EXERCISE REQUIREMENTS: Return the full listing, so that each line matches the original exactly.

EXCERPTED DATA:
※ ※ ※
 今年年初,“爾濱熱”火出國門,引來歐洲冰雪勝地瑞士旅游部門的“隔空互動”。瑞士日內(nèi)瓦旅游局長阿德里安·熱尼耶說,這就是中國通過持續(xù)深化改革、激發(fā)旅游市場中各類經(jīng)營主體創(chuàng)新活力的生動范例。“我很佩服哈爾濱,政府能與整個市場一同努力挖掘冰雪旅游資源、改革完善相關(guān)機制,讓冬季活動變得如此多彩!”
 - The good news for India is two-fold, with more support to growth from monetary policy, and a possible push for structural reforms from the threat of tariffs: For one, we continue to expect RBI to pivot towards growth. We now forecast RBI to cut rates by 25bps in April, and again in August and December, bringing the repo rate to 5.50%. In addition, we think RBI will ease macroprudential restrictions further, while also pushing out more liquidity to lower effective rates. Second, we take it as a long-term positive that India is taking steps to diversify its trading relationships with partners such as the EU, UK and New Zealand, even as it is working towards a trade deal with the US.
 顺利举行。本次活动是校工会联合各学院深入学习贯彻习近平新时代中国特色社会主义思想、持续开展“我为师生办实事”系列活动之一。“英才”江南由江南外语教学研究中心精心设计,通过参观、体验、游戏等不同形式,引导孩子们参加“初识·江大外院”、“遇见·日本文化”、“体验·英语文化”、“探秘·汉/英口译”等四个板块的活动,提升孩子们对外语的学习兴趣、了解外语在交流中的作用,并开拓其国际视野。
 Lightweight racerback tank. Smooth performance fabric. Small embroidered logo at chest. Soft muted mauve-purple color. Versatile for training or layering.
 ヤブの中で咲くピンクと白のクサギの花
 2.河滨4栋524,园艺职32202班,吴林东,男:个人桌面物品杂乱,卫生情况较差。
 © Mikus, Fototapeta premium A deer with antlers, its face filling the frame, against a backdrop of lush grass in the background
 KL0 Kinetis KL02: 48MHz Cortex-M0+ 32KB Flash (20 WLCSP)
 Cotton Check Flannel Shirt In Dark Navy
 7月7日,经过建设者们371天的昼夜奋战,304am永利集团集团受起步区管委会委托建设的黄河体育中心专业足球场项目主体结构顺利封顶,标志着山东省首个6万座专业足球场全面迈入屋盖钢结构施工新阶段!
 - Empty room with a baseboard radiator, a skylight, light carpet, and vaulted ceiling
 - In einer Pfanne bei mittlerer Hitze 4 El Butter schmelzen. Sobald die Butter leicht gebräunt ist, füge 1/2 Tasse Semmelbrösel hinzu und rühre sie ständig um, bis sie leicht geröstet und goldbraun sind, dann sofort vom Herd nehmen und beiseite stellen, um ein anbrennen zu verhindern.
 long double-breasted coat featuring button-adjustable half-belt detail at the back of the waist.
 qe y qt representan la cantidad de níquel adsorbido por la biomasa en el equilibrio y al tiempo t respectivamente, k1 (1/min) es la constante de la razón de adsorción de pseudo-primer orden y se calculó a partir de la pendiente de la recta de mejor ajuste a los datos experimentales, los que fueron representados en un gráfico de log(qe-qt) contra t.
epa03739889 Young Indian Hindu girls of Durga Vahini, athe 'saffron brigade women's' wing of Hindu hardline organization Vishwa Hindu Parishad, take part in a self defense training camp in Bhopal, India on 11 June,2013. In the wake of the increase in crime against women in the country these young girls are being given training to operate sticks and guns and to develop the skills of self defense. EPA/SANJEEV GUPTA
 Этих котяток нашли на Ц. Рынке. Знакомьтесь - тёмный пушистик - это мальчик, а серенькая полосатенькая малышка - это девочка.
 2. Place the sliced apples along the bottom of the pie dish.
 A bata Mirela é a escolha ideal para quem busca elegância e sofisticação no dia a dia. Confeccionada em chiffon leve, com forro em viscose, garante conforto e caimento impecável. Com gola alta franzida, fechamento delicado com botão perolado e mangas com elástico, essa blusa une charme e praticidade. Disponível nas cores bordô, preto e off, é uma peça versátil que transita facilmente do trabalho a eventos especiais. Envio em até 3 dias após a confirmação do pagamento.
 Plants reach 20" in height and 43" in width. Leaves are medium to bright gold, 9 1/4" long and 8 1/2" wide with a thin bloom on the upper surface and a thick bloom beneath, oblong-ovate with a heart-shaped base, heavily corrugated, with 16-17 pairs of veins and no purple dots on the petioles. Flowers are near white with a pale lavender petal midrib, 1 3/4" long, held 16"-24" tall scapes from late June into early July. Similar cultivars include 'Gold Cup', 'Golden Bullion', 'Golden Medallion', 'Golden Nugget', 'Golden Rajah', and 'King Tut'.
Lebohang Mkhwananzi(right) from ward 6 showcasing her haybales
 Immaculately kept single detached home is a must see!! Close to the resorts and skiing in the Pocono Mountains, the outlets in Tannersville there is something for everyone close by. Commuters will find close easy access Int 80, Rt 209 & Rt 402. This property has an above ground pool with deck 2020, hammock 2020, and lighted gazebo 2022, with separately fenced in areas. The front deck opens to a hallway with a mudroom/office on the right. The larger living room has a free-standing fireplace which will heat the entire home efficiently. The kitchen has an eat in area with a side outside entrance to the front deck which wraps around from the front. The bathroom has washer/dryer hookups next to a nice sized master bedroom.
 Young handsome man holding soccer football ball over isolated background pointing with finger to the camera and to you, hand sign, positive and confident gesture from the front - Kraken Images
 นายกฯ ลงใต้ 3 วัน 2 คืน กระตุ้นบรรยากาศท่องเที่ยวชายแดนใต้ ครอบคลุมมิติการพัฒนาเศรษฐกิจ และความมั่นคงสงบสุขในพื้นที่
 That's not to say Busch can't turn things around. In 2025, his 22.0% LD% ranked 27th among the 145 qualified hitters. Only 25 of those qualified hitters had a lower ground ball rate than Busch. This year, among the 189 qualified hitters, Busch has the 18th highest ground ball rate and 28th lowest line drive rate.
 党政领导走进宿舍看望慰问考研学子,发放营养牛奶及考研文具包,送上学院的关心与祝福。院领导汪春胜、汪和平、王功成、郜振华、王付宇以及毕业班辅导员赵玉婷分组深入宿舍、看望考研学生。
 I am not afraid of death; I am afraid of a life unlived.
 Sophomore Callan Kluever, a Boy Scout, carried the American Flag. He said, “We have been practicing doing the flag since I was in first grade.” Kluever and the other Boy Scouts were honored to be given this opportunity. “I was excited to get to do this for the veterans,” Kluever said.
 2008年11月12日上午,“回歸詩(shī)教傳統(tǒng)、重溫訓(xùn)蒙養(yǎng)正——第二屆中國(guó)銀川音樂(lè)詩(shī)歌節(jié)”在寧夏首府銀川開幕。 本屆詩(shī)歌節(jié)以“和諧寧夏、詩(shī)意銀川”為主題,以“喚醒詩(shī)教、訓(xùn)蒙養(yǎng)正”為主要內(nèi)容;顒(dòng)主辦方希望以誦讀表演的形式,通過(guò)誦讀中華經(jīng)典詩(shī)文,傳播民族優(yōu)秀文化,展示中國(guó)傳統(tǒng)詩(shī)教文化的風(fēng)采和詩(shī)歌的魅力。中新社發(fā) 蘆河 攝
※ ※ ※
COMPLETED EXERCISE:
 今年年初,“爾濱熱”火出國門,引來歐洲冰雪勝地瑞士旅游部門的“隔空互動”。瑞士日內(nèi)瓦旅游局長阿德里安·熱尼耶說,這就是中國通過持續(xù)深化改革、激發(fā)旅游市場中各類經(jīng)營主體創(chuàng)新活力的生動范例。“我很佩服哈爾濱,政府能與整個市場一同努力挖掘冰雪旅游資源、改革完善相關(guān)機制,讓冬季活動變得如此多彩!”
 - The good news for India is two-fold, with more support to growth from monetary policy, and a possible push for structural reforms from the threat of tariffs: For one, we continue to expect RBI to pivot towards growth. We now forecast RBI to cut rates by 25bps in April, and again in August and December, bringing the repo rate to 5.50%. In addition, we think RBI will ease macroprudential restrictions further, while also pushing out more liquidity to lower effective rates. Second, we take it as a long-term positive that India is taking steps to diversify its trading relationships with partners such as the EU, UK and New Zealand, even as it is working towards a trade deal with the US.
 顺利举行。本次活动是校工会联合各学院深入学习贯彻习近平新时代中国特色社会主义思想、持续开展“我为师生办实事”系列活动之一。“英才”江南由江南外语教学研究中心精心设计,通过参观、体验、游戏等不同形式,引导孩子们参加“初识·江大外院”、“遇见·日本文化”、“体验·英语文化”、“探秘·汉/英口译”等四个板块的活动,提升孩子们对外语的学习兴趣、了解外语在交流中的作用,并开拓其国际视野。
 Lightweight racerback tank. Smooth performance fabric. Small embroidered logo at chest. Soft muted mauve-purple color. Versatile for training or layering.
 ヤブの中で咲くピンクと白のクサギの花
 2.河滨4栋524,园艺职32202班,吴林东,男:个人桌面物品杂乱,卫生情况较差。
 © Mikus, Fototapeta premium A deer with antlers, its face filling the frame, against a backdrop of lush grass in the background
 KL0 Kinetis KL02: 48MHz Cortex-M0+ 32KB Flash (20 WLCSP)
 Cotton Check Flannel Shirt In Dark Navy
 7月7日,经过建设者们371天的昼夜奋战,304am永利集团集团受起步区管委会委托建设的黄河体育中心专业足球场项目主体结构顺利封顶,标志着山东省首个6万座专业足球场全面迈入屋盖钢结构施工新阶段!
 - Empty room with a baseboard radiator, a skylight, light carpet, and vaulted ceiling
 - In einer Pfanne bei mittlerer Hitze 4 El Butter schmelzen. Sobald die Butter leicht gebräunt ist, füge 1/2 Tasse Semmelbrösel hinzu und rühre sie ständig um, bis sie leicht geröstet und goldbraun sind, dann sofort vom Herd nehmen und beiseite stellen, um ein anbrennen zu verhindern.
 long double-breasted coat featuring button-adjustable half-belt detail at the back of the waist.
 qe y qt representan la cantidad de níquel adsorbido por la biomasa en el equilibrio y al tiempo t respectivamente, k1 (1/min) es la constante de la razón de adsorción de pseudo-primer orden y se calculó a partir de la pendiente de la recta de mejor ajuste a los datos experimentales, los que fueron representados en un gráfico de log(qe-qt) contra t.
epa03739889 Young Indian Hindu girls of Durga Vahini, athe 'saffron brigade women's' wing of Hindu hardline organization Vishwa Hindu Parishad, take part in a self defense training camp in Bhopal, India on 11 June,2013. In the wake of the increase in crime against women in the country these young girls are being given training to operate sticks and guns and to develop the skills of self defense. EPA/SANJEEV GUPTA
 Этих котяток нашли на Ц. Рынке. Знакомьтесь - тёмный пушистик - это мальчик, а серенькая полосатенькая малышка - это девочка.
 2. Place the sliced apples along the bottom of the pie dish.
 A bata Mirela é a escolha ideal para quem busca elegância e sofisticação no dia a dia. Confeccionada em chiffon leve, com forro em viscose, garante conforto e caimento impecável. Com gola alta franzida, fechamento delicado com botão perolado e mangas com elástico, essa blusa une charme e praticidade. Disponível nas cores bordô, preto e off, é uma peça versátil que transita facilmente do trabalho a eventos especiais. Envio em até 3 dias após a confirmação do pagamento.
 Plants reach 20" in height and 43" in width. Leaves are medium to bright gold, 9 1/4" long and 8 1/2" wide with a thin bloom on the upper surface and a thick bloom beneath, oblong-ovate with a heart-shaped base, heavily corrugated, with 16-17 pairs of veins and no purple dots on the petioles. Flowers are near white with a pale lavender petal midrib, 1 3/4" long, held 16"-24" tall scapes from late June into early July. Similar cultivars include 'Gold Cup', 'Golden Bullion', 'Golden Medallion', 'Golden Nugget', 'Golden Rajah', and 'King Tut'.
Lebohang Mkhwananzi(right) from ward 6 showcasing her haybales
 Immaculately kept single detached home is a must see!! Close to the resorts and skiing in the Pocono Mountains, the outlets in Tannersville there is something for everyone close by. Commuters will find close easy access Int 80, Rt 209 & Rt 402. This property has an above ground pool with deck 2020, hammock 2020, and lighted gazebo 2022, with separately fenced in areas. The front deck opens to a hallway with a mudroom/office on the right. The larger living room has a free-standing fireplace which will heat the entire home efficiently. The kitchen has an eat in area with a side outside entrance to the front deck which wraps around from the front. The bathroom has washer/dryer hookups next to a nice sized master bedroom.
 Young handsome man holding soccer football ball over isolated background pointing with finger to the camera and to you, hand sign, positive and confident gesture from the front - Kraken Images
 นายกฯ ลงใต้ 3 วัน 2 คืน กระตุ้นบรรยากาศท่องเที่ยวชายแดนใต้ ครอบคลุมมิติการพัฒนาเศรษฐกิจ และความมั่นคงสงบสุขในพื้นที่
 That's not to say Busch can't turn things around. In 2025, his 22.0% LD% ranked 27th among the 145 qualified hitters. Only 25 of those qualified hitters had a lower ground ball rate than Busch. This year, among the 189 qualified hitters, Busch has the 18th highest ground ball rate and 28th lowest line drive rate.
 党政领导走进宿舍看望慰问考研学子,发放营养牛奶及考研文具包,送上学院的关心与祝福。院领导汪春胜、汪和平、王功成、郜振华、王付宇以及毕业班辅导员赵玉婷分组深入宿舍、看望考研学生。
 I am not afraid of death; I am afraid of a life unlived.
 Sophomore Callan Kluever, a Boy Scout, carried the American Flag. He said, “We have been practicing doing the flag since I was in first grade.” Kluever and the other Boy Scouts were honored to be given this opportunity. “I was excited to get to do this for the veterans,” Kluever said.
 2008年11月12日上午,“回歸詩(shī)教傳統(tǒng)、重溫訓(xùn)蒙養(yǎng)正——第二屆中國(guó)銀川音樂(lè)詩(shī)歌節(jié)”在寧夏首府銀川開幕。 本屆詩(shī)歌節(jié)以“和諧寧夏、詩(shī)意銀川”為主題,以“喚醒詩(shī)教、訓(xùn)蒙養(yǎng)正”為主要內(nèi)容;顒(dòng)主辦方希望以誦讀表演的形式,通過(guò)誦讀中華經(jīng)典詩(shī)文,傳播民族優(yōu)秀文化,展示中國(guó)傳統(tǒng)詩(shī)教文化的風(fēng)采和詩(shī)歌的魅力。中新社發(fā) 蘆河 攝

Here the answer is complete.